Title: Mark has a Place
Rating: G
Summary: he's detached from himself like a badly stringed puppet - a hexadrabble -
Disclaimer: I don't own anything.
Mark has a place of his own. He sits and stares at a concrete wall, numb from silence and a lack of thought. The grime settles deep into his gut, a feeling that isn't as dirty as one might expect. It's a small place, enclosed in such a way to give the illusion of warmth, though he never really feels it. Some days he wonders why nobody else has found the safe place, but can only assume that the local homeless have seen him claim it as his own.
Some days he thinks about the sight he must make, too-clean blond hair against red-white graffiti. Most days he doesn't think at all. Maybe he'd analyse this strange little hobby of his, if he were that kind of person. But he's not. So he sits, and stares at nothing at all while raindrops echo, or shadows whisper. He doesn't have a logic for this place.
Sometimes he smile-twitches at the cracks in the pavement, in his knuckles, in his hand. Reflex. A learned behaviour. A habit. He thinks that maybe that's pathetic in some way, or maybe it's just realistic. He wonders if he's the only one who has his own little cramped corner of the world to hide in. He wonders if he's the only one who needs one.
Sometimes he dreams. Echoes of past conversations, shifting, smearing, striking faces, a shadow of what might have once been an emotion. Anger? Fear? Despair?Grief?Bleak?Dark?Hurt?Love?
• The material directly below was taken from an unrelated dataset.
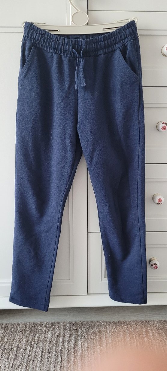 Yumuşak ve sıcak kumaştan, normal boyda, sade tasarımlı lacivert rahat kesim eşofman altı, günlük kullanım için uygundur. Sorunsuz

He wishes he knew the labels that come so easily to other people.
He thinks he knows who he loves, if he should love anyone. If he could love anyone. And he knows he should be sad?lonely?scared? now, because that person is gone from his reach. But he really isn't. At least, not here, in this numb, empty place.
Roger is getting married. Two months he said and won't it be great, Mark? Mimi's parents are even lending us some money for the wedding, and then he's moving out, away from someone who never needed him, the ex-junkie ex-rockstar ex-victim ex-best friend. Not that they'd ever labelled themselves as such.
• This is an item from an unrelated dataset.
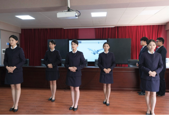 面露淺笑、隊(duì)列齊步、彎腰鞠躬,蹲起坐立……女生優(yōu)雅溫婉、男生紳士有范,每一個(gè)細(xì)致又熟練的動(dòng)作,每一處透露著專業(yè)的細(xì)節(jié),都是航空禮儀隊(duì)日常堅(jiān)持訓(xùn)練所得,是努力所獲的繁花碩果。精彩的表演引起了在場(chǎng)的師生們陣陣的掌聲。

And Mark should be, should be, something, something out of a romance novel or a bad piece of fiction, but he's not, he's just some emotion he can't quite define that he's not sure exists anyways. Like the word is on the edge of his tongue and all it would take is an odd movement and something unknown and new would come ripping into consciousness.
He's detached from himself like a badly stringed puppet, and sometimes he wishes he could just stop, but it's ingrained in him (reflexlearnedbehaviorhabit) so deeply he imagines he has hollow bones. So he thinks he should smirk when he catches sight of one sticky hand clutching his camera. When he tries to break the hold it's like bending stone. He stops trying. He can't fight against who he is.
Mark has a place of his own. It's cold and damp or hot and dry and never comfortable. It's gummy tar and tarry gum and dirt and dark and dead. He sits there for however long it takes for the almost-silence to sink into his center and the grime to coat his fingertips. He doesn't analyse his reasons for coming here, but he always finds it a little bit easier to smilelaughteaseruneatsleepplay afterwards.
Sometimes he wonders if he's as cracked as his chapped white-red palms, but the thought always wisps away before it is ever truly formed.